[Saved data entries]
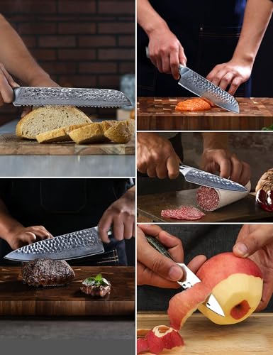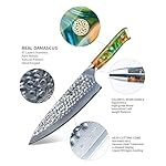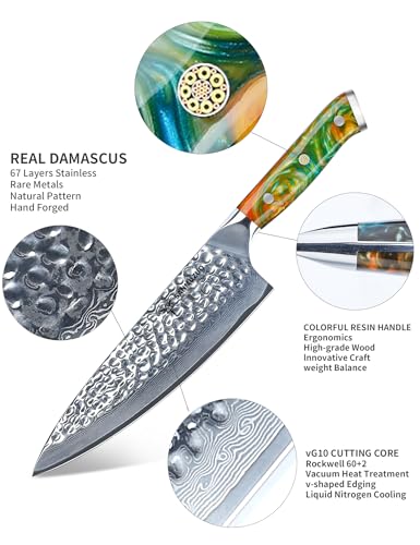 Premium Blade: The precise blade is made of 67 layers of Damascus steel, the core layer is VG10 material, wrapped by 33 layers of high-quality high-carbon stainless steel layers on each side to ensure excellent strength, toughness and durability. The forged surface is polished to minimize drag for jelly-smooth cuts and enhanced non-stick performance
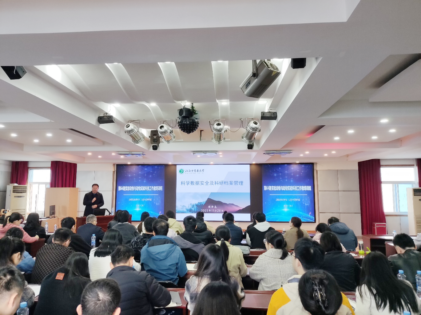 江西省实验动物学会为全院专业技术人员进行了实验动物与动物实验科技工作者培训。江西中医药大学周步高教授、南昌大学许宝华教授、江西省职业病防治研究院周银平研究员等专家分别就科研数据安全、动物实验与生物安全、实验动物在中医药学中的应用、动物实验质量控制、实验动物福利伦理、动物实验操作技术、人类疾病动物模型等方面进行精彩授课。培训结束后进行了现场考核。
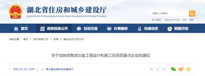 1月3日,湖北省住建廳發(fā)布《關(guān)于加快培育湖北省工程設(shè)計(jì)和施工雙資質(zhì)重點(diǎn)企業(yè)的通知》。
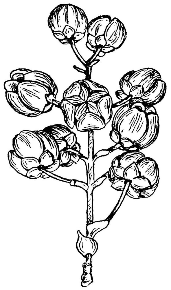 out through the open side. In the Cranesbills the jerk is so violent that seeds may be flung to a distance of twenty feet. One of the most efficient of all devices of this kind is found in the Sand-box Tree (Hura crepitans), a native of South America. By sudden rupture and twisting of the carpels of the woody sub-globular fruit, the large seeds of this plant are thrown to a distance of thirty yards, the explosion being accompanied by a report like that of a pistol-shot. In the common Dog Violet (Viola Riviniana) (Fig. 10) the fruit is a three-valved capsule, which on ripening divides; each valve assumes a horizontal position and its edges contract till it is shaped like an open boat, the seeds lying in a row down the middle. The sides as they dry close in tighter and tighter on the seeds,{59} which are in turn pinched out, and fly off with a little snap to a distance of many feet. It is an interesting experience to watch these tricks of Nature—much more interesting than merely to read about them. If plants of Vetch, Gorse, Dog Violet, Storksbill, Wood Sorrel, Touch-me-not (to name a few), bearing unripe fruit, be brought home and placed in water in a sitting-room, the click of the bursting fruits will be distinctly audible, and by spreading a white sheet the efficiency of the devices may be tested.
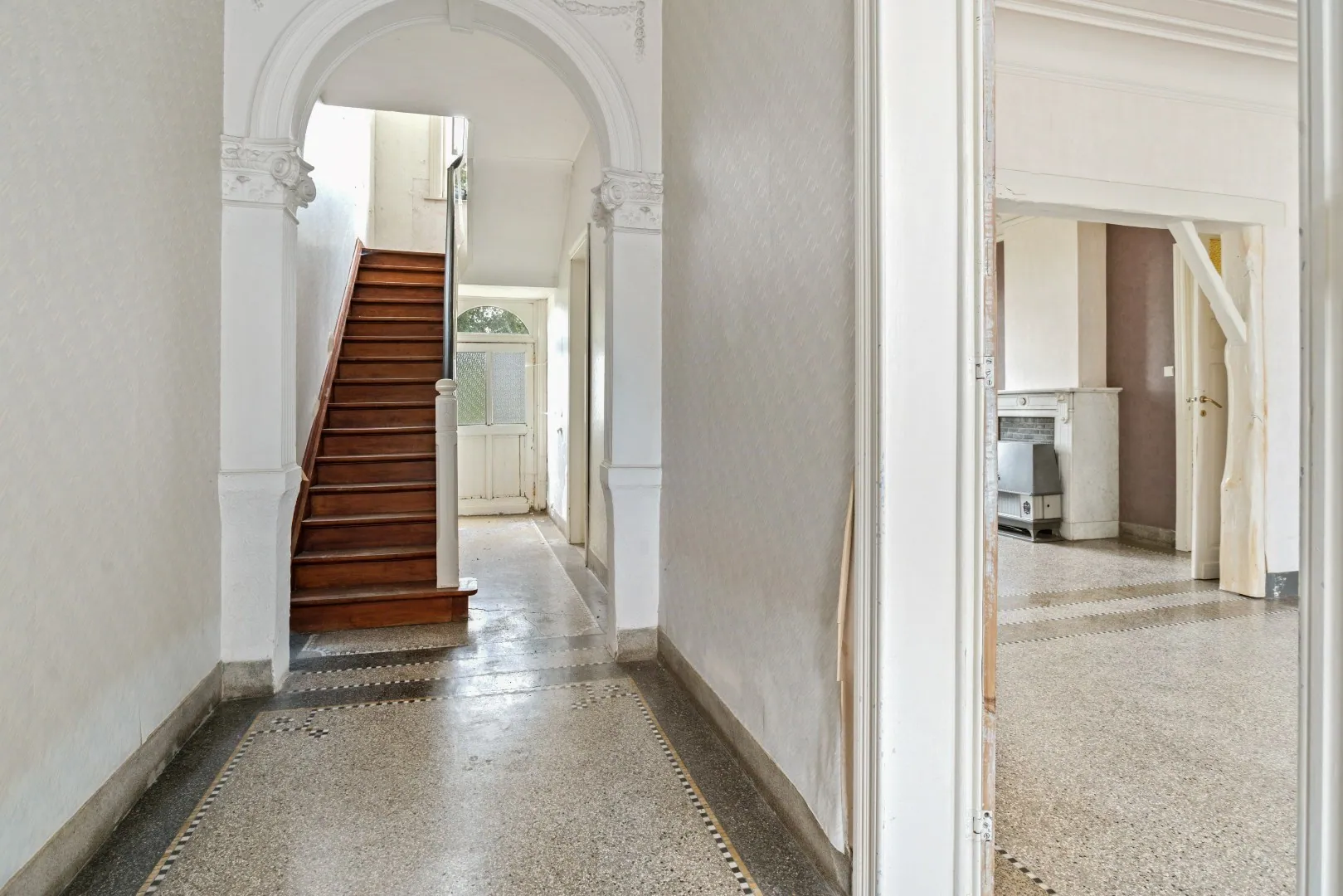 Gelijkvloers: inkomhal - ruime leefruimte met open haard, zit- en eetkamer - ruime leefkeuken - voorkamer - slaapkamer/bureau - badkamer met douche en lavabo - apart toilet - waskamer.
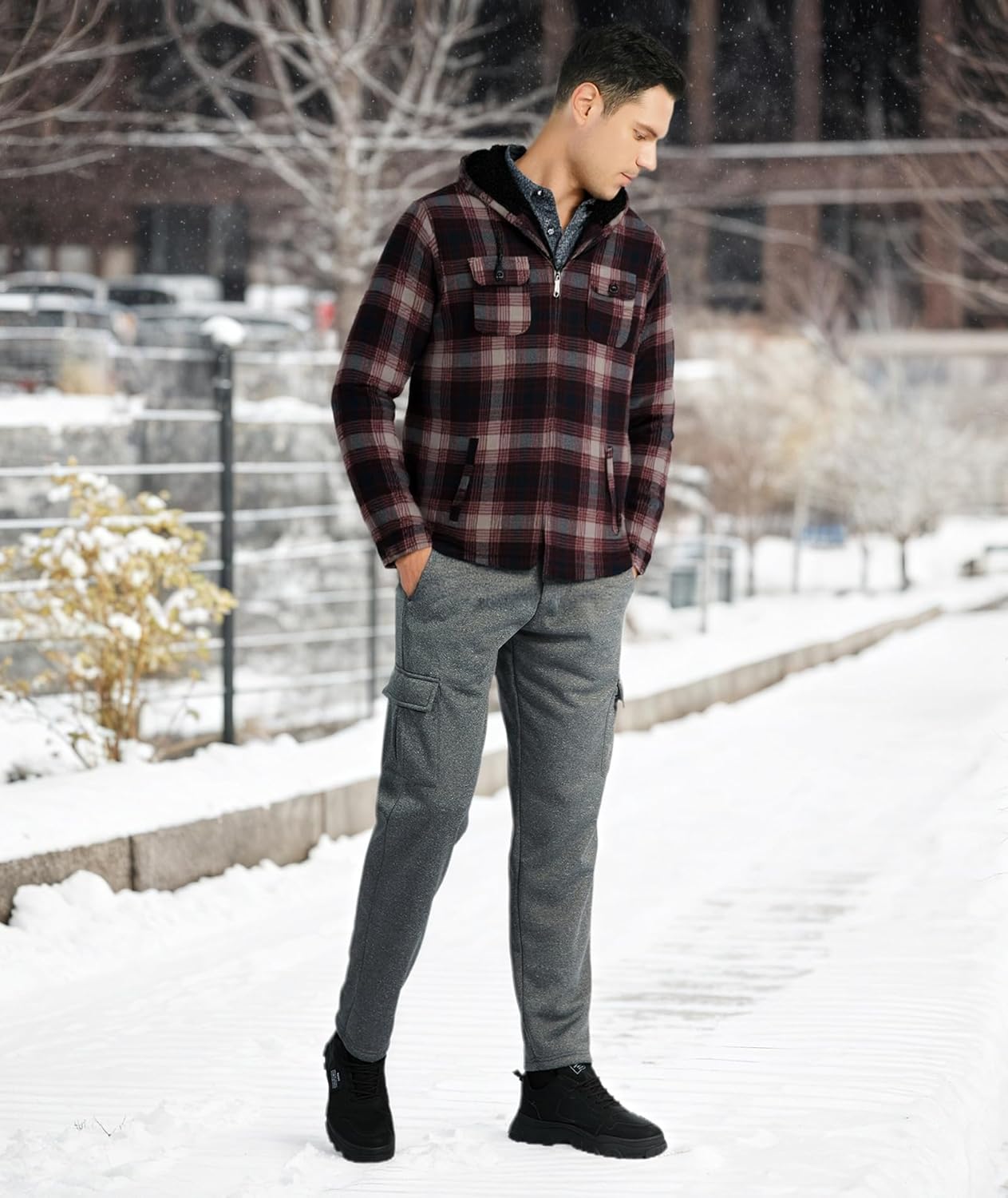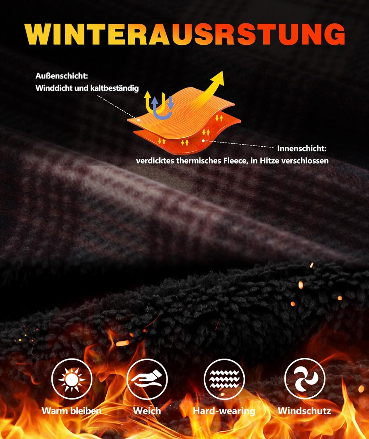 JACKETOWN Hemdjacke Herren Kariertes Winterjacke Thermohemd Fleece Gefüttert Freizeit Jacke mit Kapu
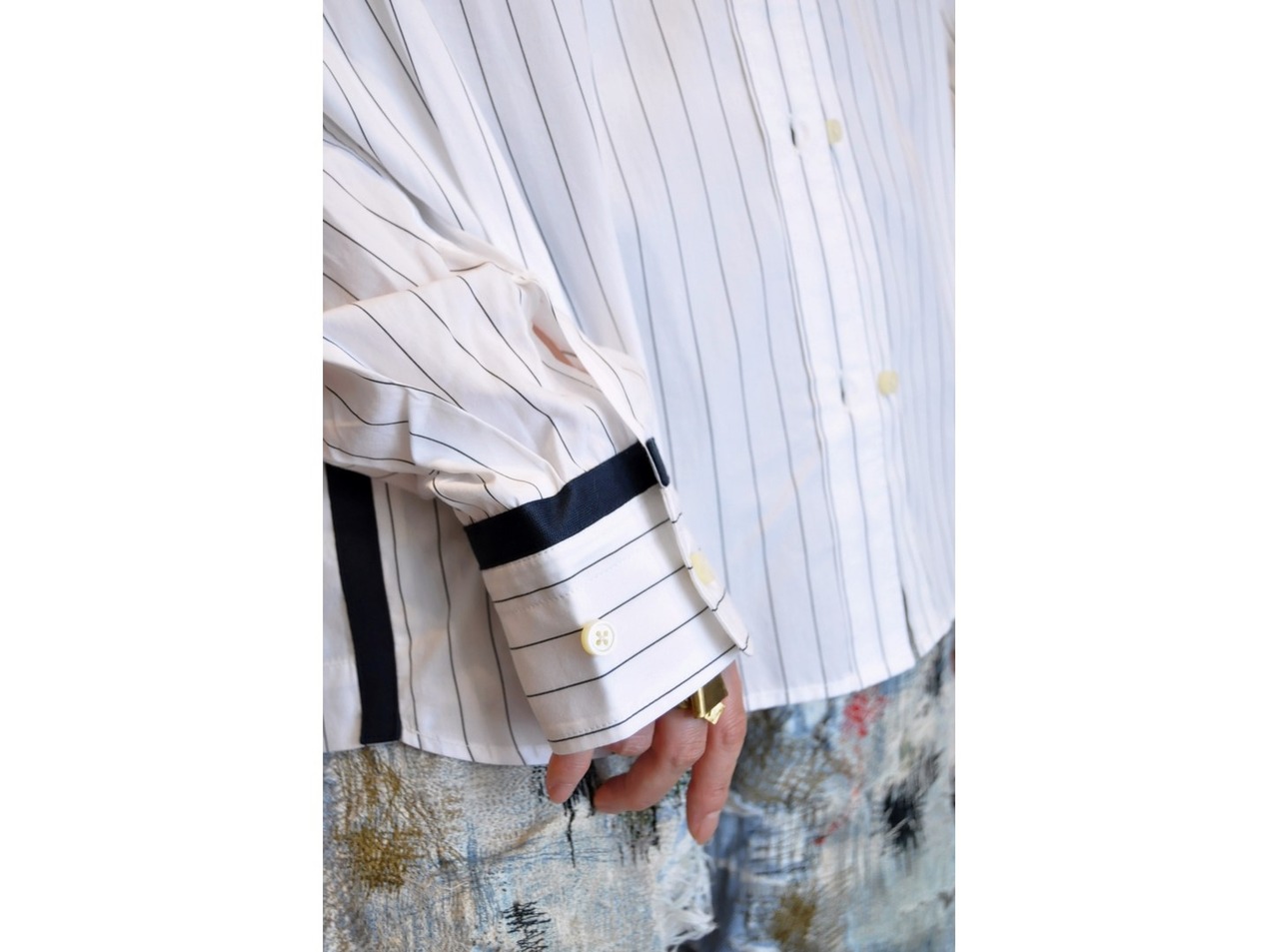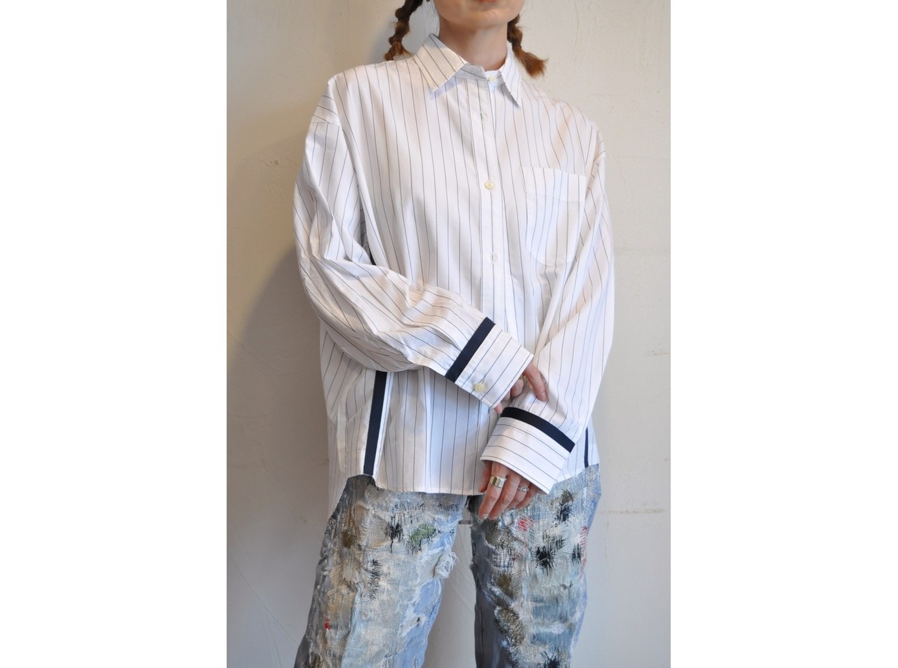 トラッドなストライプシャツの両脇にアクセントになる配色ラインを施し、袖口部分のラインもポイントになっています。

* YOUR ASSIGNMENT *
Without copying any images, transcribe the records exactly as they stand.

* SOLUTION *
 Premium Blade: The precise blade is made of 67 layers of Damascus steel, the core layer is VG10 material, wrapped by 33 layers of high-quality high-carbon stainless steel layers on each side to ensure excellent strength, toughness and durability. The forged surface is polished to minimize drag for jelly-smooth cuts and enhanced non-stick performance
 江西省实验动物学会为全院专业技术人员进行了实验动物与动物实验科技工作者培训。江西中医药大学周步高教授、南昌大学许宝华教授、江西省职业病防治研究院周银平研究员等专家分别就科研数据安全、动物实验与生物安全、实验动物在中医药学中的应用、动物实验质量控制、实验动物福利伦理、动物实验操作技术、人类疾病动物模型等方面进行精彩授课。培训结束后进行了现场考核。
 1月3日,湖北省住建廳發(fā)布《關(guān)于加快培育湖北省工程設(shè)計(jì)和施工雙資質(zhì)重點(diǎn)企業(yè)的通知》。
 out through the open side. In the Cranesbills the jerk is so violent that seeds may be flung to a distance of twenty feet. One of the most efficient of all devices of this kind is found in the Sand-box Tree (Hura crepitans), a native of South America. By sudden rupture and twisting of the carpels of the woody sub-globular fruit, the large seeds of this plant are thrown to a distance of thirty yards, the explosion being accompanied by a report like that of a pistol-shot. In the common Dog Violet (Viola Riviniana) (Fig. 10) the fruit is a three-valved capsule, which on ripening divides; each valve assumes a horizontal position and its edges contract till it is shaped like an open boat, the seeds lying in a row down the middle. The sides as they dry close in tighter and tighter on the seeds,{59} which are in turn pinched out, and fly off with a little snap to a distance of many feet. It is an interesting experience to watch these tricks of Nature—much more interesting than merely to read about them. If plants of Vetch, Gorse, Dog Violet, Storksbill, Wood Sorrel, Touch-me-not (to name a few), bearing unripe fruit, be brought home and placed in water in a sitting-room, the click of the bursting fruits will be distinctly audible, and by spreading a white sheet the efficiency of the devices may be tested.
 Gelijkvloers: inkomhal - ruime leefruimte met open haard, zit- en eetkamer - ruime leefkeuken - voorkamer - slaapkamer/bureau - badkamer met douche en lavabo - apart toilet - waskamer.
 JACKETOWN Hemdjacke Herren Kariertes Winterjacke Thermohemd Fleece Gefüttert Freizeit Jacke mit Kapu
 トラッドなストライプシャツの両脇にアクセントになる配色ラインを施し、袖口部分のラインもポイントになっています。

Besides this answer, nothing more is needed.